I want to find the most frequent element in the 2D list. In the above example, the most common string is 'Mohit'.

I know I can use brute force using two for loops and a dictionary to do this, but is there a more efficient way using numpy or any other library?

The nested lists could be of different lengths

Can someone also add the time of their methods? To find the fasted method. Also the caveats at which it might not be very efficient.

Edit

These are the timings of different methods on my system:

#timegb
%%timeit
collections.Counter(chain.from_iterable(arr)).most_common(1)[0][0]
5.91 µs ± 115 ns per loop (mean ± std. dev. of 7 runs, 100000 loops each)

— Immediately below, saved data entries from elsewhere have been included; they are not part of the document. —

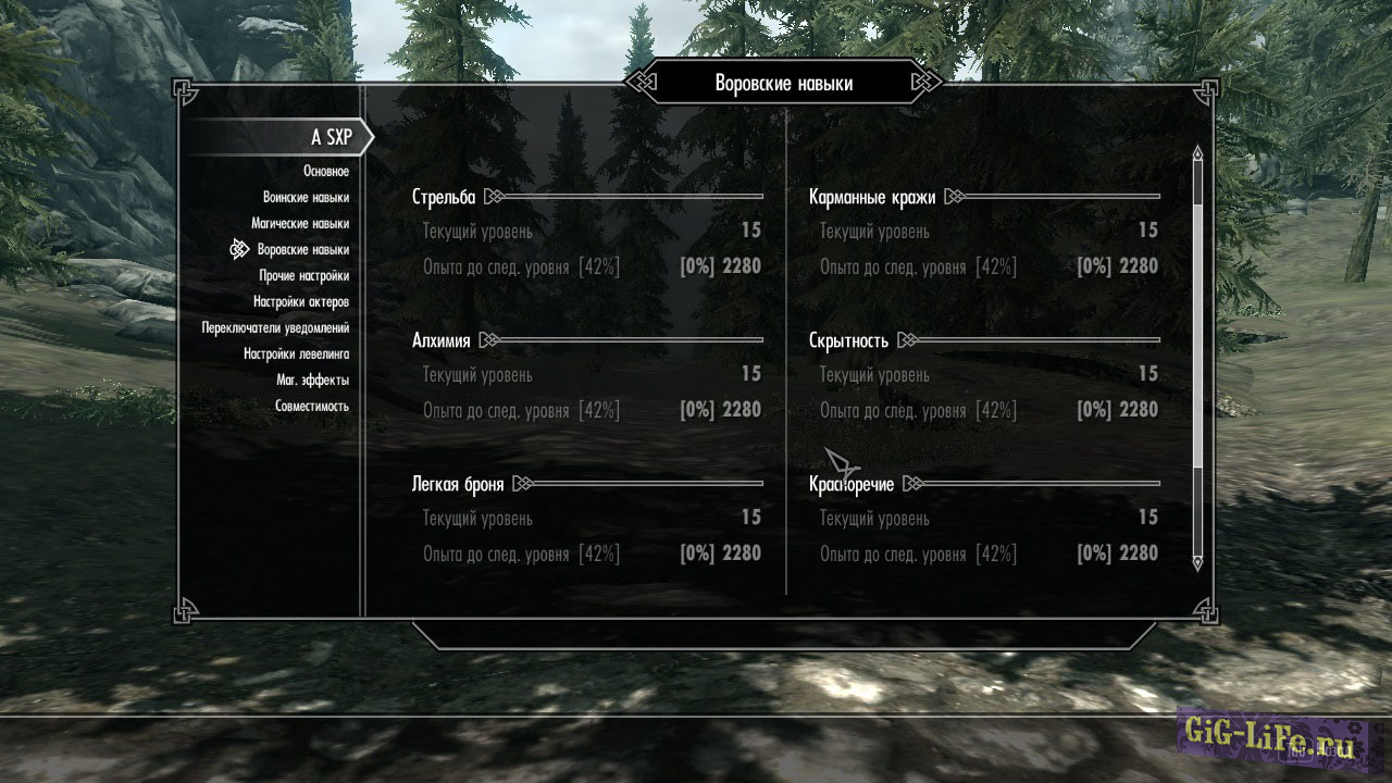 Если вы хотите пользоваться «гибридной» системой прокачки (совмещать систему прокачки SXP и ванильную), то вам придётся самостоятельно поменять нижеследующие изменения на такие значения, какие нужны именно вам.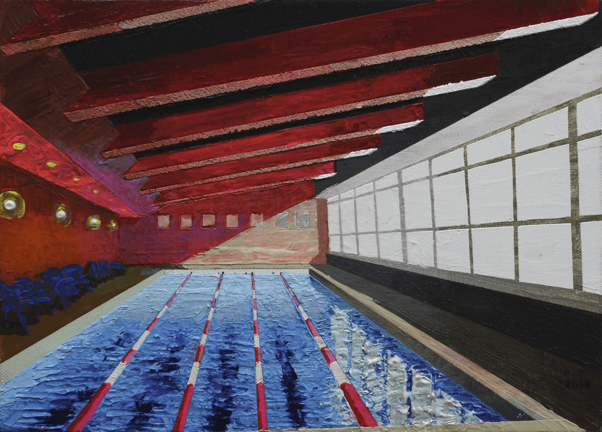 Aleksandr Dashevskii is interested in architecture and the human relationship to space, bringing us to “Swimming pool” (2018). This piece emphasizes the strict architectural design of the swimming pool (beams, windows, lane lines), and how the light coming in from the window evenly divides the space into a balance of light and darkness.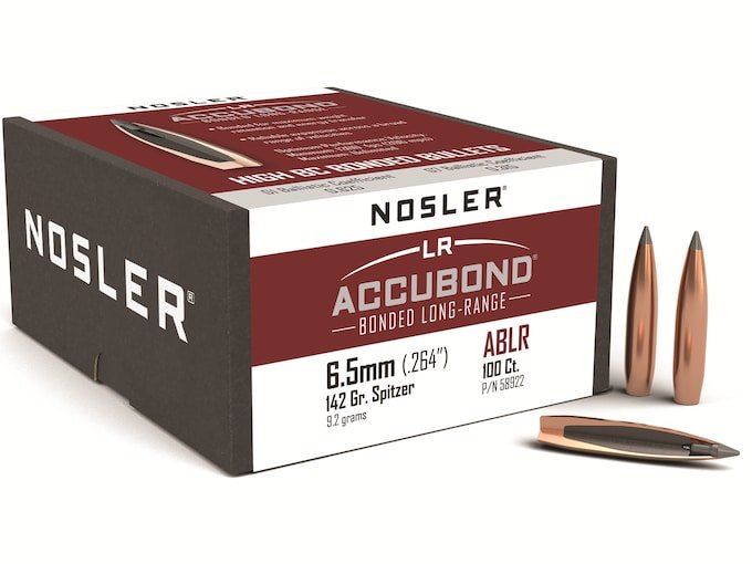 Nosler AccuBond Long Range Bullets 264 Caliber, 6.5mm (264 Diameter) 142 Grain Bonded Spitzer Boat Tail Box of 100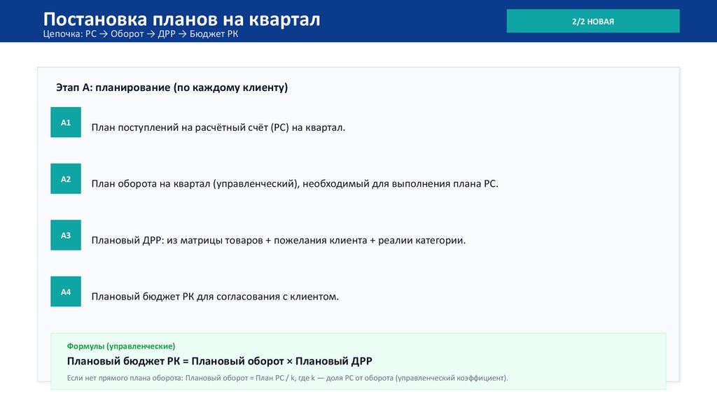 1) Подготовка (1–2 недели): шаблон план/факт, поля данных, ответственные, допуск по ДРР.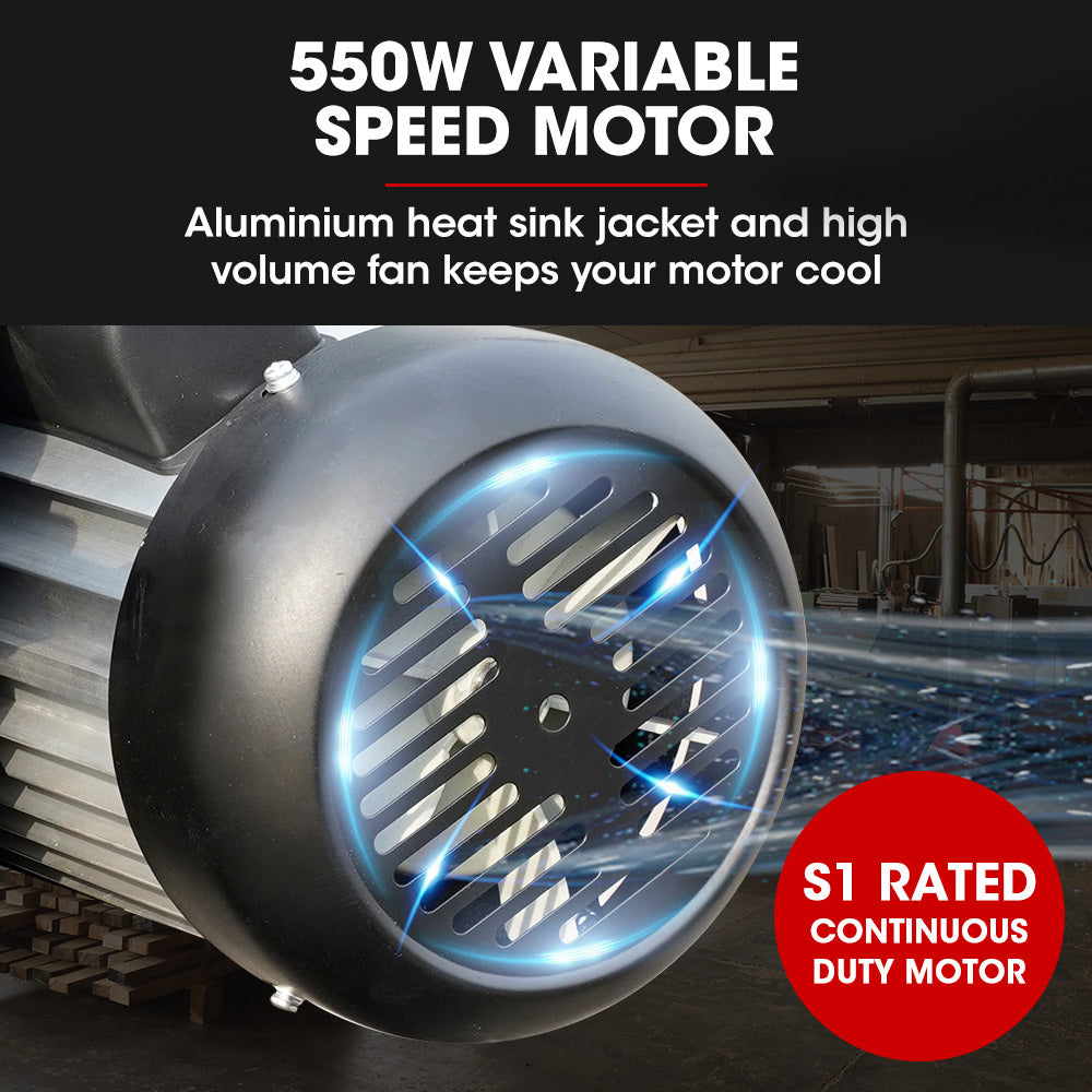 Experience the ultimate woodturning experience with this top-of-the-line BM-LPL6 wood lathe. The powerful 550W motor is a direct drive and boasts the highest rating of ‘S1’ for continuous duty. It provides plenty of power for woodturners of all skill levels. Analogue speed control allows you to adjust anywhere between 680-2500 RPM to get the best possible results for working any type of wood, without needing any pulley changes!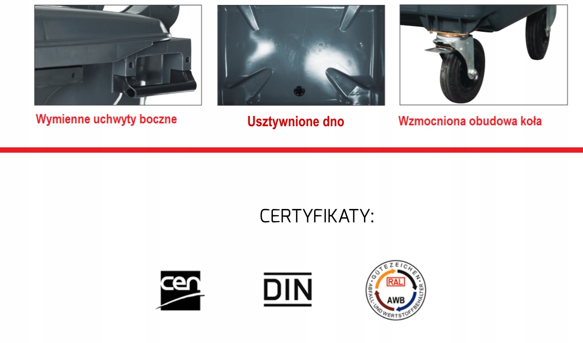 Контейнер для мусора изготовлен изготовлены из специально созданного пластика, устойчивого к солнечному свету, температурам и химикатам. Контейнеры соответствуют стандартам ЕС – EN 840, EN840-5/6 C и получили соответствующие сертификаты шумозащиты с маркировкой CE.
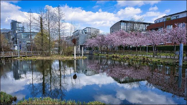 Eine besonders schöne Allee japanischer Kirschbäume befindet sich im Stadtpark am Kaarster Rathaus. Die "La Madeleine-Allee" ist nach der nordfranzösischen Partnerstadt benannt. |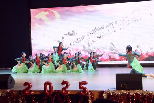 晚会缓缓步入首个篇章——“寻梦·起航”。首先登场的《映山红》群舞,悠扬的旋律带我们重温了那段峥嵘岁月;相声《返校》生动展现校园趣事与成长烦恼;歌舞《有我》让我们感受到了年轻人的责任与力量。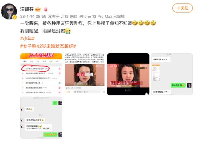 1月14日,据河北青年报援引“速看视界”报道,1月12日,北京一名42岁的女子至今未婚,坦言现在自己的状态超好,冲上热搜。
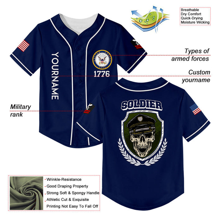 Custom Navy Skull Soldier 1776 U.S Navy Military Rank Name Baseball Jersey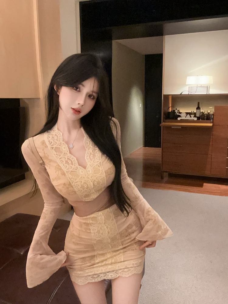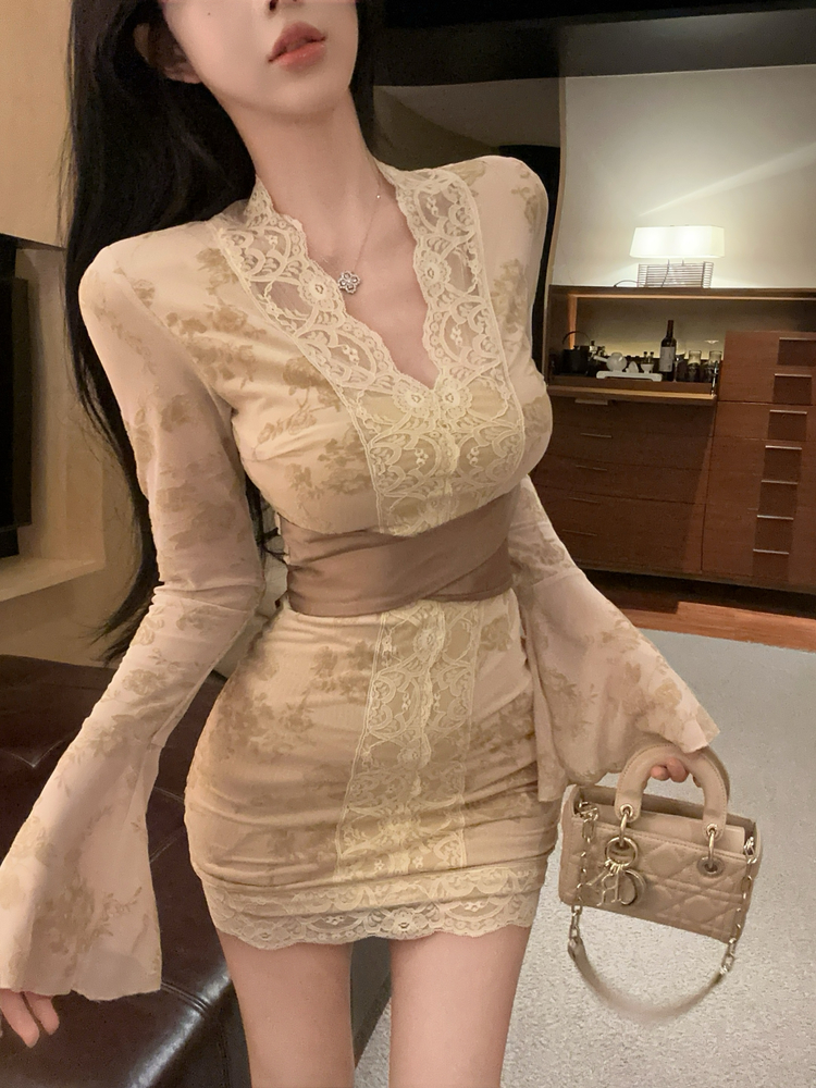 FA54327# 纯欲蕾丝喇叭袖V领绑带连衣裙女收腰显瘦性感辣妹包臀裙 服裝批發女裝批發服飾貨源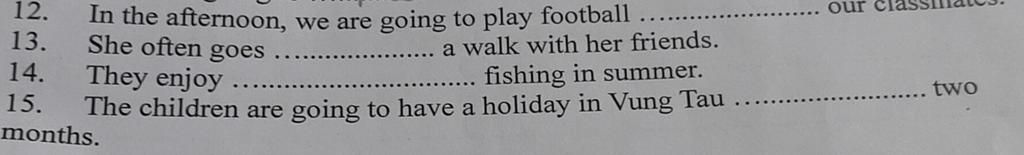 ( ta chọn are vì đây là thì hiện tại tiếp diễn, trong câu cần có ít nhất 1 động từ hay ta có công thức s + is,am,are + v-ing + o , dịch câu đc họ đang thưởng thức câu cá vào mùa hè.)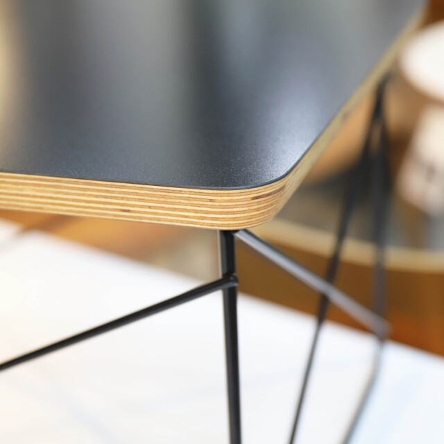 合板とスチールワイヤーの組み合わせにより軽量ながらがっしりしたテーブルとなっています。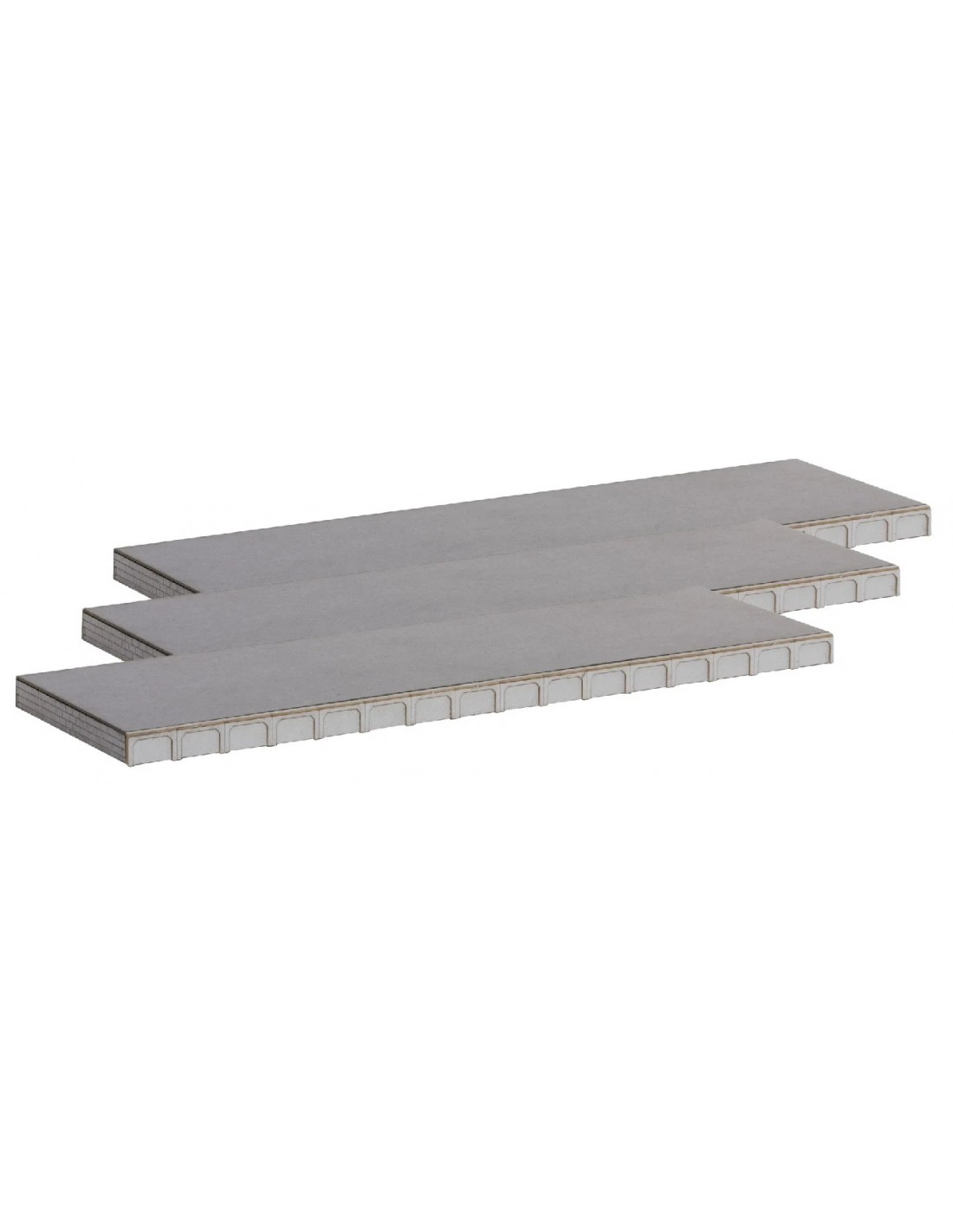 È realizzato in cartone laser speciale che combina due proprietà essenziali: da un lato, è molto stabile, e dall'altro lato, il cartone può essere facilmente modellato con un coltello artigianale o forbici. L'ampia piastra di base fa sì che si possano creare anche piattaforme con raggio di curva. Per poter offrire ai modellisti ferroviari con un sistema di binari più grande nell'area della stazione un pacchetto di rinfuse economico, NOCH ha un nuovo set di 3. Con le tre piattaforme universali incluse, è possibile progettare individualmente piattaforme più lunghe e diversificate.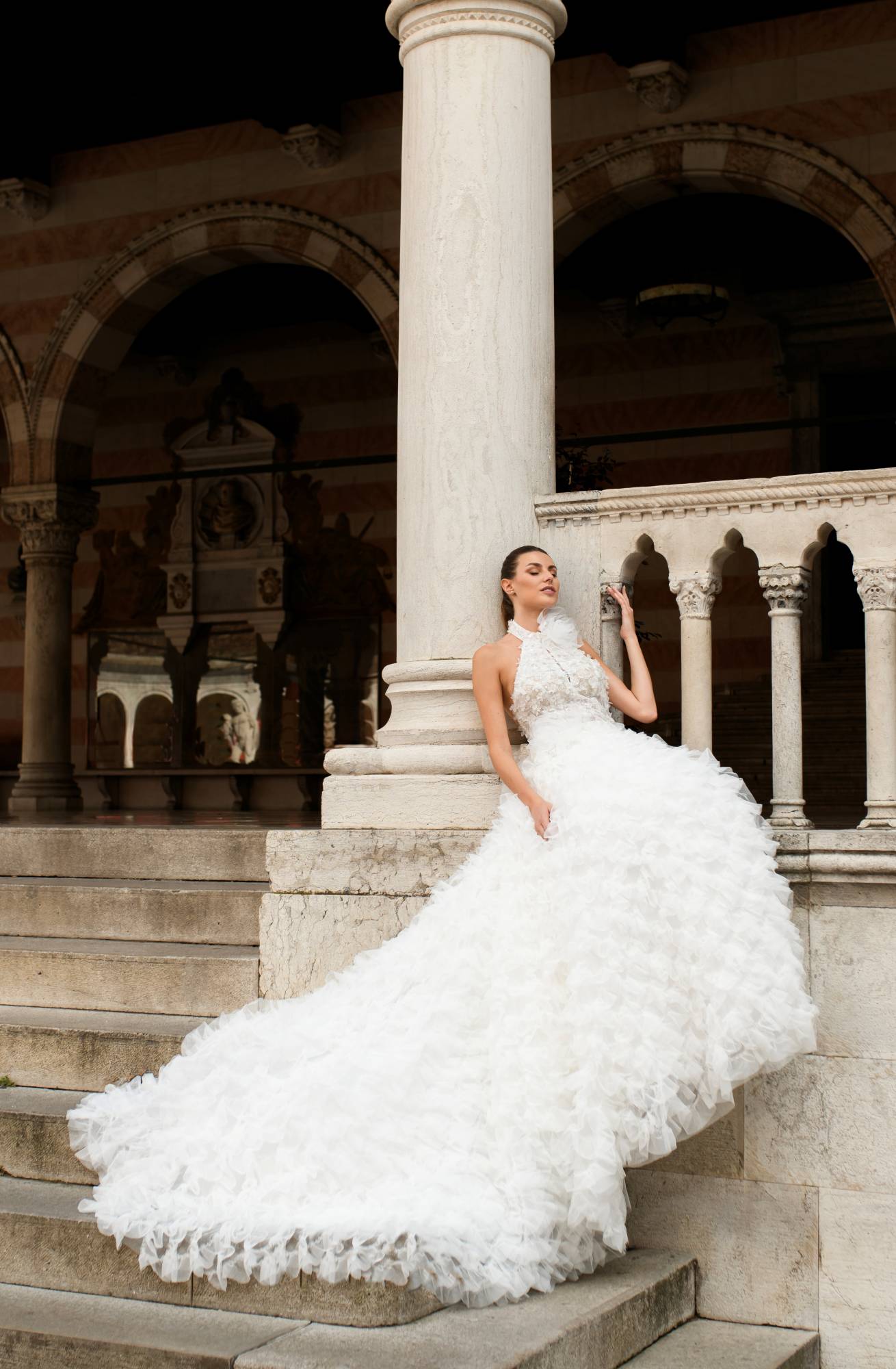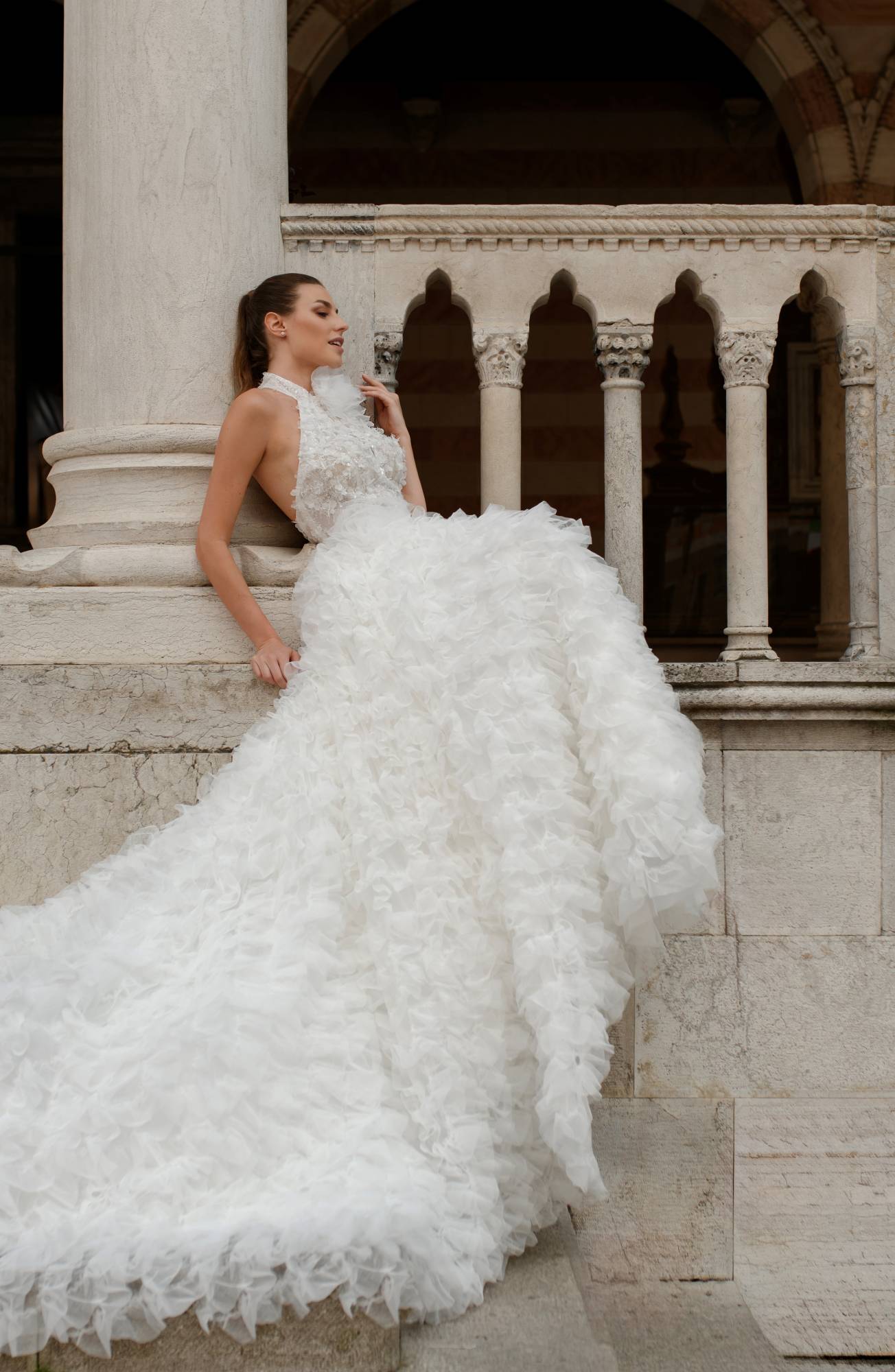 Monumentale sopragonna in tulle con balze e strascico scenico. Da abbinare a sirene o corti sfiziosi.

#Kevin Fang and Curious Mind
%%timeit
flat_list = [item for sublist in arr for item in sublist]
collections.Counter(flat_list).most_common(1)[0]
6.42 µs ± 501 ns per loop (mean ± std. dev. of 7 runs, 100000 loops each)

%%timeit
c = collections.Counter(item for sublist in arr for item in sublist).most_common(1)c[0][0]
6.79 µs ± 449 ns per loop (mean ± std. dev. of 7 runs, 100000 loops each)

#Mayank Porwal
def most_common(lst):
    return max(set(lst), key=lst.count)
%%timeit
ls = list(chain.from_iterable(arr))
most_common(ls)
2.33 µs ± 42.8 ns per loop (mean ± std. dev. of 7 runs, 100000 loops each)

#U9-Forward
%%timeit
l=[x for i in arr for x in i]
max(l,key=l.count)
2.6 µs ± 68.8 ns per loop (mean ± std. dev. of 7 runs, 100000 loops each)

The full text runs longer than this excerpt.